== Source material ==

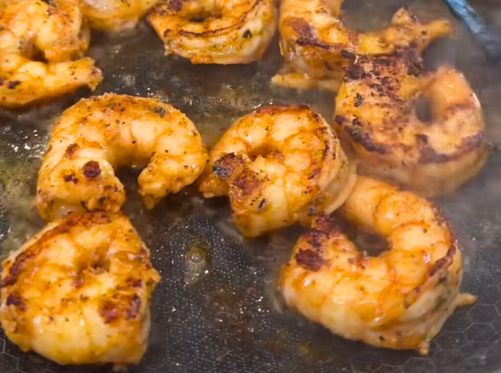 - Add shrimp to the skillet and cook until pink and fully cooked.
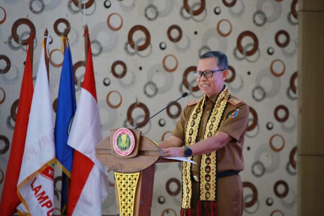 GERBANGPATRIOT.COM, Bandar Lampung – Pj. Gubernur Lampung Samsudin mengajak para pengurus PGRI Provinsi Lampung untuk menghadirkan inovasi dan kreativitas serta mendarmabaktikan diri untuk kemajuan dunia pendidikan.
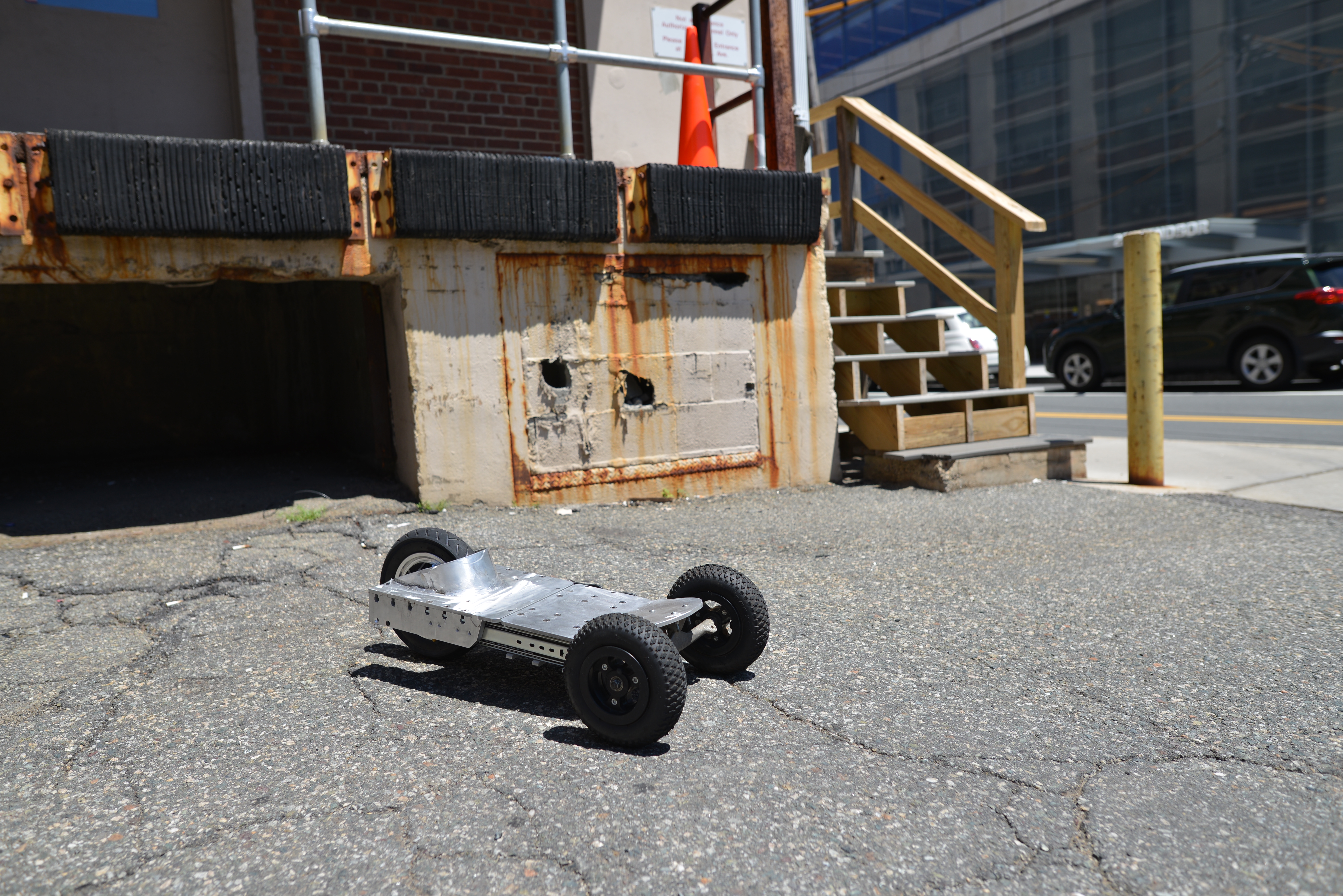 This project started with an upcoming overseas trip. I wanted contraption that I could bring aboard a plane, legally, and ride about a reasonable distance. I was limited to what the FAA allowed, the size constraints of a normal checked bag and what would reasonably pass thru the TSA into / out of the states. To achieve this I used mega-drawer-slides a hub motor and off the shelf Lithium lawn maintenance battery packs. Shown below are the two states of the planned skateboard, collapsed and at full extension. CAM-actuated levers are used to lock the setup into place. The video above is a clip of running through Cambridge MA on an electric collapse-able mountain board. Shown is rough asphalt (Normal, poorly maintained Massachusetts roads and sidewalks) along with some gravel and dirt paths alongside an MBTA line. It holds up quite well. The VESC is set to 30A max and the pack is 40V nominal (10S Lithium Ion).

===

# [Exercise details]
Write out the whole listing above exactly; do not include the pictures.

# [Written reply]
 - Add shrimp to the skillet and cook until pink and fully cooked.
 GERBANGPATRIOT.COM, Bandar Lampung – Pj. Gubernur Lampung Samsudin mengajak para pengurus PGRI Provinsi Lampung untuk menghadirkan inovasi dan kreativitas serta mendarmabaktikan diri untuk kemajuan dunia pendidikan.
 This project started with an upcoming overseas trip. I wanted contraption that I could bring aboard a plane, legally, and ride about a reasonable distance. I was limited to what the FAA allowed, the size constraints of a normal checked bag and what would reasonably pass thru the TSA into / out of the states. To achieve this I used mega-drawer-slides a hub motor and off the shelf Lithium lawn maintenance battery packs. Shown below are the two states of the planned skateboard, collapsed and at full extension. CAM-actuated levers are used to lock the setup into place. The video above is a clip of running through Cambridge MA on an electric collapse-able mountain board. Shown is rough asphalt (Normal, poorly maintained Massachusetts roads and sidewalks) along with some gravel and dirt paths alongside an MBTA line. It holds up quite well. The VESC is set to 30A max and the pack is 40V nominal (10S Lithium Ion).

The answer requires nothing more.